Мне же с Джерардом просто хорошо. Необыкновенно хорошо и безмятежно. Нарушать этот покой и уют накалом чувств, ей-богу, совершенно не хочется.
— Эви? — с улыбкой зовет меня он.
Вздрагиваю. Как неудобно получилось. Я так увлеклась своими мыслями, что не слышала его последних слов. Напрягаю память. Он рассказывал про видеоролик на их сайте о девушке с самыми длинными в мире ногами. Потом про то, как в прошлом месяце готовил материал для нью-йоркских туристов с ограниченными финансовыми возможностями — составлял для них список недорогих гостиниц и развлечений по вполне приемлемым ценам. Потом… гм… по-видимому, тут я и сосредоточилась на своих мыслях.
— Прости, — говорю я, виновато улыбаясь. — Я немного… отвлеклась.

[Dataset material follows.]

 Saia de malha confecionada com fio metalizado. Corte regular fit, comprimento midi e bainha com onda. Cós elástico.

— На что? — совершенно беззлобно спрашивает Джерард. — Или это секрет?
Энергично качаю головой.
— Нет, ну что ты… какие тут могут быть секреты? Я… э-э… — хихикаю, чувствуя, что к щекам приливает краска стыда, — сложно объяснить. Задумалась обо всем… В общем, о родителях, о сегодняшнем дне… — Взмахиваю рукой. — Но тебя я прекрасно слышала, — заявляю я, как могу уверенно, при этом густо краснея. Проклятье! Кто меня тянет за язык?!
Джерард шире улыбается.
— И о чем же я у тебя спросил?
— Спросил? — Я теряюсь. Вот почему лучше не врать даже в мелочах. Солжешь единожды — и будет не выпутаться. — Гм…
Джерард смеется.
— Всего лишь о том увидимся ли мы еще. С тобой легко и приятно. Я подумал: почему бы нам снова не поужинать вдвоем, например завтра?

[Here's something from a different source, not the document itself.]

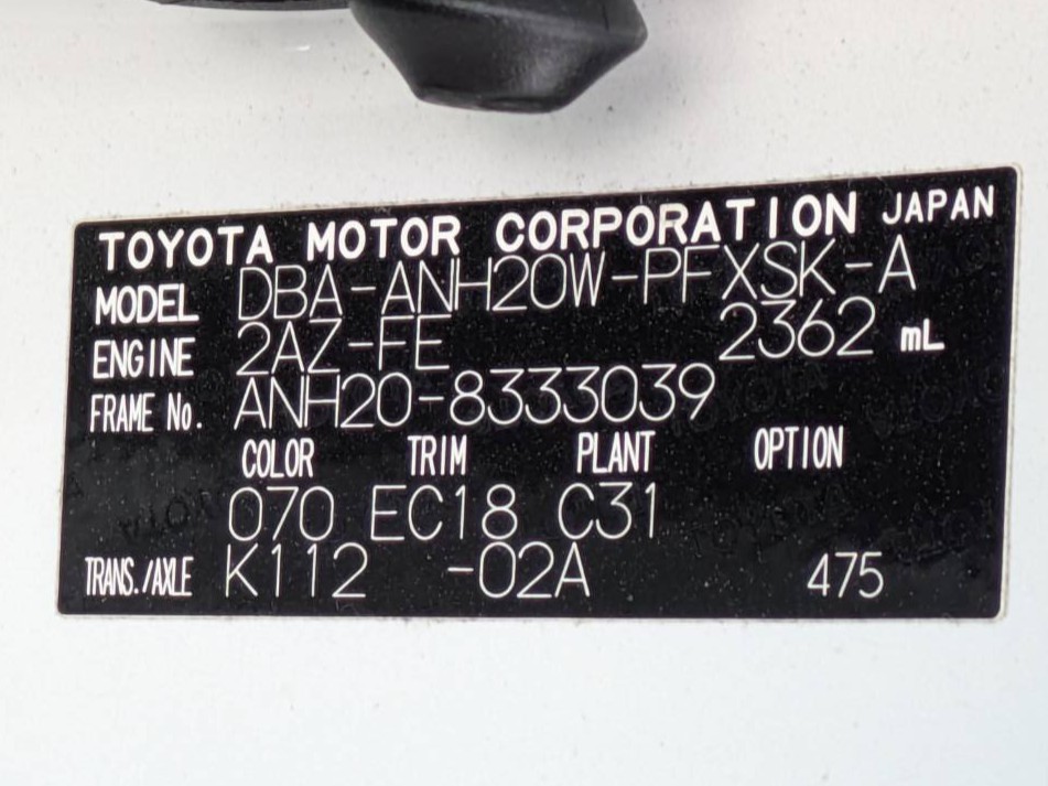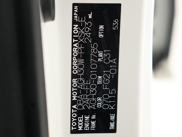 | 車名 | アルファード | 車台番号 | 039 |

— Завтра? — переспрашиваю я. В моих ушах раздается раз четвертый «легко и приятно». — Мм… я еще не знаю, какие у меня на завтра планы. — Нет, честное слово! Судьба дает мне то, чего я хочу, а я, еще не успев об этом задуматься, отказываюсь от подарка. Почему мы так странно устроены? — Но мы можем созвониться, — спешу я исправить оплошность. — Утром или ближе к ланчу. Что скажешь?
— Скажу, что буду ждать твоего звонка, не выпуская из рук телефон. Пожалуй, даже лягу с ним спать. Вдруг он зазвонит раньше, чем я проснусь?
Смеюсь.
— Хватит сыпать шуточками!
— Это не шуточки, — произносит Джерард, не то грустнея, не то серьезнея.
Встречаемся с Деборой на следующий день во время ланча. Я торопливо и взволнованно пересказываю ей вчерашний разговор с Джерардом. Точнее, ту его часть, которая касалась наших родителей.
Дебора одобрительно кивает.
— С ними поговори ты. У тебя лучше получится. Теперь дело за малым: чтобы они оба согласились и не пожалели денег.
— Отец не скупердяй, но если втемяшит себе в голову, что там дурачат народ с единственной целью — вытянуть из них круглую сумму, тогда тут же отмахнется от этой идеи. И пиши пропало.
— Поэтому я и говорю: разговаривай с ними сама. Опишешь все так же, как описала мне. И не забудь упомянуть, что проконсультировалась у известного и уважаемого журналиста из «Нью-Йорк пост». Тогда папочка сразу помчится гладить костюм.
Криво улыбаюсь.
— Кто тебе сказал, что Джерард известный и уважаемый? И что работает в «Нью-Йорк пост»?
Дебора пожимает плечами.
— Для какой нью-йоркской газеты он пишет, не имеет большого значения. А в том, что у него талант и что рано или поздно к нему придет слава, я не сомневаюсь. С середнячком и неудачником ты не стала бы связываться.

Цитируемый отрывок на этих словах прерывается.